If everyone knows, why is she whispering? Anyway, what babies' grave? Is this the grave Miss Owen Penllech was talking about? Is this a Nanw Lipstick half-a-story?

‘You're hopeless, Gwenni,' says Alwenna. ‘Don't you know anything?'

Mrs Twm Edwards comes over to our table and starts handing out the jellies. The glass dishes clatter on the tray and the red jelly shimmers inside them. If I were a criminal I would steal priceless jewels that looked like that jelly. Mrs Morris follows Mrs Twm Edwards to hand out the fluted spoons she brings with her every year. The silvery surface of the spoons has rubbed away in places and the yellow metal underneath gives the jelly a bitter tang.

How will I find the dead fox? I'm sure it's not in this room. Maybe Mrs Llywelyn Pugh took her sandwich tins into the kitchen and left the dead fox in there. I swallow some jelly, cool and slippery in my throat, and try not to notice the tang. I'll have to search for the fox.

I cross my fingers. ‘I'm going to be sick,' I say to Mrs Twm Edwards.

‘You'd better go and tell your mam,' she says, and backs away. ‘She'll know what to do.'

‘I thought you were being odder than usual,' says Alwenna. ‘Can I have your jelly?'

‘No,' I say, and I slip from the bench and bump my shin on its hard edge.

Alwenna shrugs. ‘You won't want it,' she says and takes the glass dish with the rest of my jelly and begins to eat it.

I rub my shin and limp past the men's table, which has a pall of smoke hanging above it although there are only five of them sitting there. All the rest are at home listening to the Cup Final on the wireless or squeezed into Mrs Robin Williams's parlour to watch it in a world where it's always snowing. Guto isn't here with the men. But I saw him at the Festival, singing and laughing. Did Mrs Beynon say it's a disgrace to let him eat with us, too? Poor Guto.

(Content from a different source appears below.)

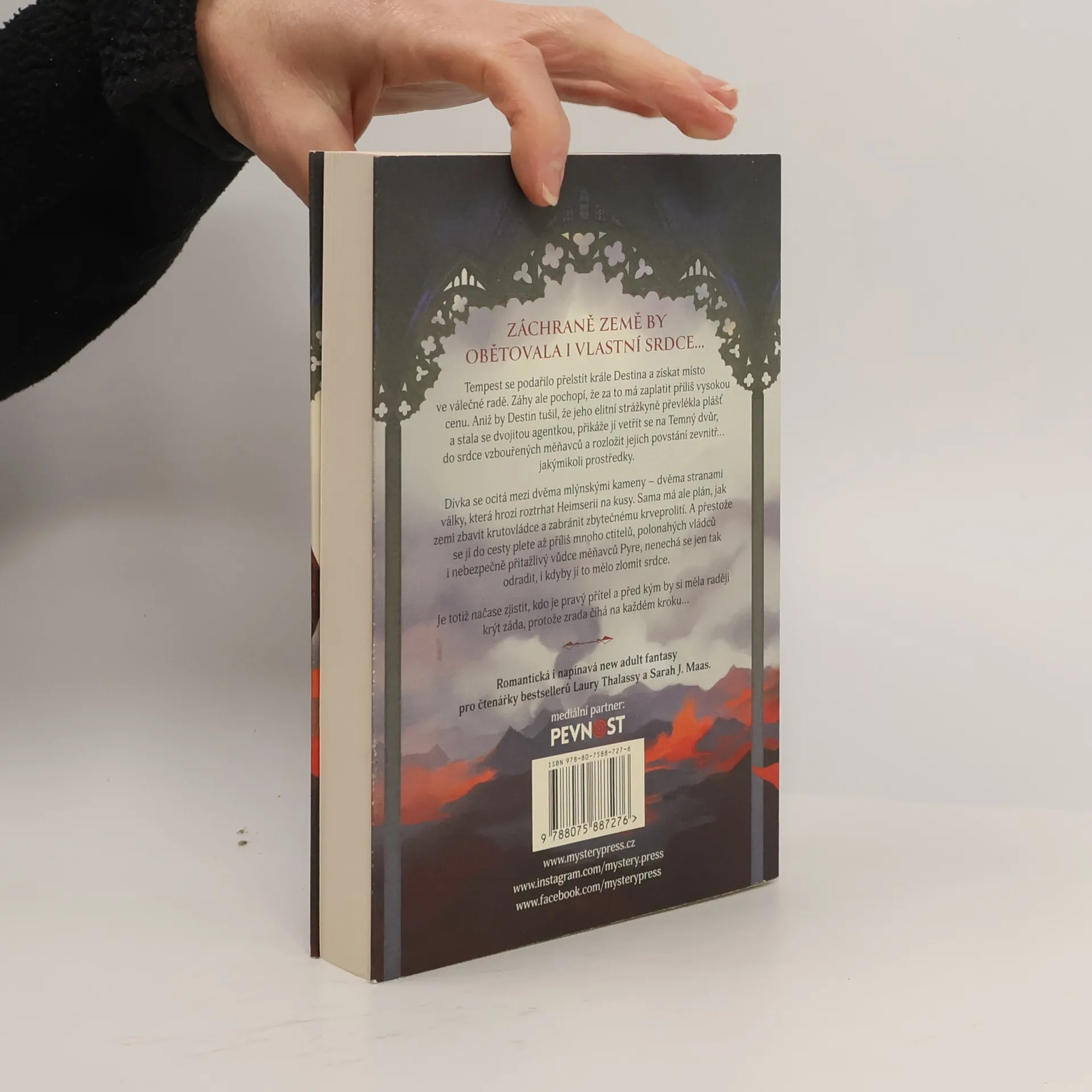 CESTA OHAŘKY TEMPEST JE ZBROCENÁ KRVÍ, PLNÁ MRTVÝCH TĚL A STŘEPŮ JEJÍHO SRDCE... Tempest se podařilo přelstít krále Destina a získat místo ve válečné radě. Záhy ale pochopí, že za to má zaplatit příliš vysokou cenu. Aniž by Destin tušil, že jeho elitní strážkyně převlékla plášť a stala se dvojitou agentkou, přikáže jí vetřít se na Temný dvůr, do srdce vzbouřených měňavců a rozložit jejich povstání zevnitř… jakýmikoli prostředky. Dívka se ocitá mezi dvěma mlýnskými kameny – dvěma stranami války, která hrozí roztrhat Heimserii na kusy. Sama má ale plán, jak zemi zbavit krutovládce a zabránit zbytečnému krveprolití. A přestože se jí do cesty plete až příliš mnoho ctitelů, polonahých vládců i nebezpečně přitažlivý vůdce měňavců Pyre, nenechá se jen tak odradit, i kdyby jí to mělo zlomit srdce. Je totiž načase zjistit, kdo je pravý přítel a před kým by si měla raději krýt záda, protože zrada číhá na každém kroku…

The women's table is crowded and they're laughing and talking and eating all at the same time the way I'm told off for doing. I hear someone mention Mrs Evans but I don't hear what they say about her. I try to make myself invisible to walk past.

‘Gwenni,' says Mam. ‘Where are you off to?'

‘I feel ill,' I say and rub my stomach.

‘You know where the lavatory is,' says Mam. ‘Make sure you clean up properly afterwards.'

‘That's a bit hard, Magda,' says Nanw Lipstick. ‘Shall I come with you, Gwenni?'

Mam's face turns pink and she presses her lips tight together. ‘Leave her, Nanw,' she says.

I shake my head at Alwenna's mam and run towards the door. I push it shut behind me and stand to listen for a moment to make sure no one is coming. But there's no point because when I reach the kitchen Mrs Thomas next door is already there.

‘Quick, Gwenni,' she says. ‘Help me get these cakes on the plates. There's your mam's big tin. Put her cakes on these three plates.' She pushes the plates towards me. ‘I'll take in these I've done while you're doing that.' She balances the plate holding her special chocolate cake in the crook of her arm and takes another full plate in each hand and goes out through the kitchen door. The draught from her passing swings the door shut behind her and there on the back of it, hanging on a hook with two striped tea towels, is the dead fox. See how its glassy eyes stare straight at me. They beseech me.